All that aside, HB311 includes very strict regulations, enough that participating dairies simply won't be able to be massive or filthy, so there is minimal risk of spreading infectious diseases.

2/20/2007 3:45 PM  
Anonymous Anonymous said...

That is a specious argument, moderate. MANY human ancestors undoubtedly died because of infectious disease spread in milk production. You cannot blame everything on industrialization. Bacteria were not created by industrialization. Human and farm cleanliness, as well, was not a top priority in the past. Here is an article for you: http://www.fda.gov/fdac/features/2004/504_milk.html

Discounting it because it comes from the evil federal government is an ad homonim argument.

Enjoy your brucellosis.

2/22/2007 5:21 AM  
Anonymous Anonymous said...

Big Milk is always trying to keep raw milk down.

This bill is clearly the most important bill the Legislature will face this year.

2/23/2007 8:28 AM  
Blogger Henwhisperer said...

Don't read any articles by the Feds, for heaven's sake. They don't want anyone to eat wholesome, whole, clean food from grass fed animals. That flies in the face of globalization. realmilk.org tells the truth.

This bill is a sham. It gives control to yet another agribiz and shuts out the small guy. What could be the reasoning behind banning cow shares, hmm? To give the corporate boot jacks another assured profit center. The problem with this bill is that it benefits only one large dairy in Utah and would make it very difficult for other dairies to compete or to sell their milk in stores.

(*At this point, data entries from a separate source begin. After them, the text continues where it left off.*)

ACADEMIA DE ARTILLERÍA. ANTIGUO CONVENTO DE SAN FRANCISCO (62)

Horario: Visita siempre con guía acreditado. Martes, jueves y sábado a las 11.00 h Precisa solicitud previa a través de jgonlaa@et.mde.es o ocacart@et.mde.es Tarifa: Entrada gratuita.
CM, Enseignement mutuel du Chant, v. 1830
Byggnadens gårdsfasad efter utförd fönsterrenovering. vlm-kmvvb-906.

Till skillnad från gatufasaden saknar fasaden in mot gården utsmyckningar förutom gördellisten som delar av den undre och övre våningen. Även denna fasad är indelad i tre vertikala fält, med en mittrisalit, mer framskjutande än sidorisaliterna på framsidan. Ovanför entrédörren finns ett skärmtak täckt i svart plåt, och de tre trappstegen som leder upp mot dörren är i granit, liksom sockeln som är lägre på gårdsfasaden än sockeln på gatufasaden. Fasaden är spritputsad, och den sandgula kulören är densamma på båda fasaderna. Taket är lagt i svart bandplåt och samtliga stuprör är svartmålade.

Don't you see the strategy emerging here--pass legislation "legalizing" raw milk sales but banning cow shares. Then make it very difficult to obtain a license to sell raw milk, thereby keeping out many small farmers, and even all farmers.

The good Senator says, "You can now buy raw milk - and you never have to meet your cow or her caretaker", which proves she knows nothing of the type of people who buy raw milk. In fact, it proves that she has never set foot on a grass farm. This type of customer, indeed those who buy cow shares, *knows* the farmer that milks the cows because THAT IS THE REASON FOR buying locally produced foods. This type of consumer, myself included, buys from local farmers because we want to stay out of the industrialized food chain that does not care about what they feed the animals only about the profits.

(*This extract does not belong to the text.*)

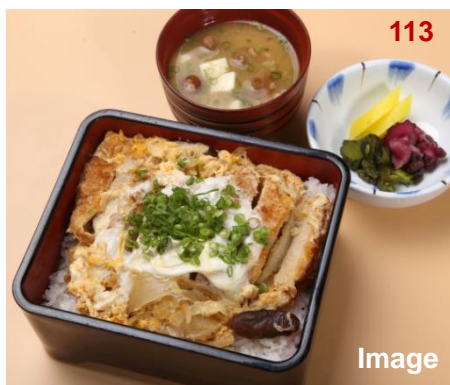
▲ 日式猪排盖饭/かつ重

Wake up Utah! Wake up America!

2/27/2007 10:12 AM  
Blogger readandbewise said...

Having raw milk a CHOICE for those who want it is imperative. Visit www.realmilk.com and LEARN what pasteurization and homogenization does to milk. I choose REAL MILK and I don't see why I should have that choice taken away from me. Go REAL MILK!

7/30/2007 10:27 PM  
Anonymous Anonymous said...

I would like to buy raw cow's milk, but the closest place to Salt Lake City is Payson. Are there any closer locations???

9/27/2007 5:45 PM  
Anonymous Anonymous said...

The bad parts of this bill are 1. what it throws down the tube (i.e. Cow Shares) and 2. it forces out small raw dairies that cannot "own 51% of the retail outlet". Too bad.

12/12/2007 2:43 PM  
Anonymous Anonymous said...

I grew up in Utah on a farm and drank raw milk. You can't beat the flavor. I also used home made butter.

As I understand it Pasteuration was invented for Beer not milk. I also agree, this bill was writen to give only one dairy the ability to sell milk because they own 51% of the store. Not fair for the smaller producers.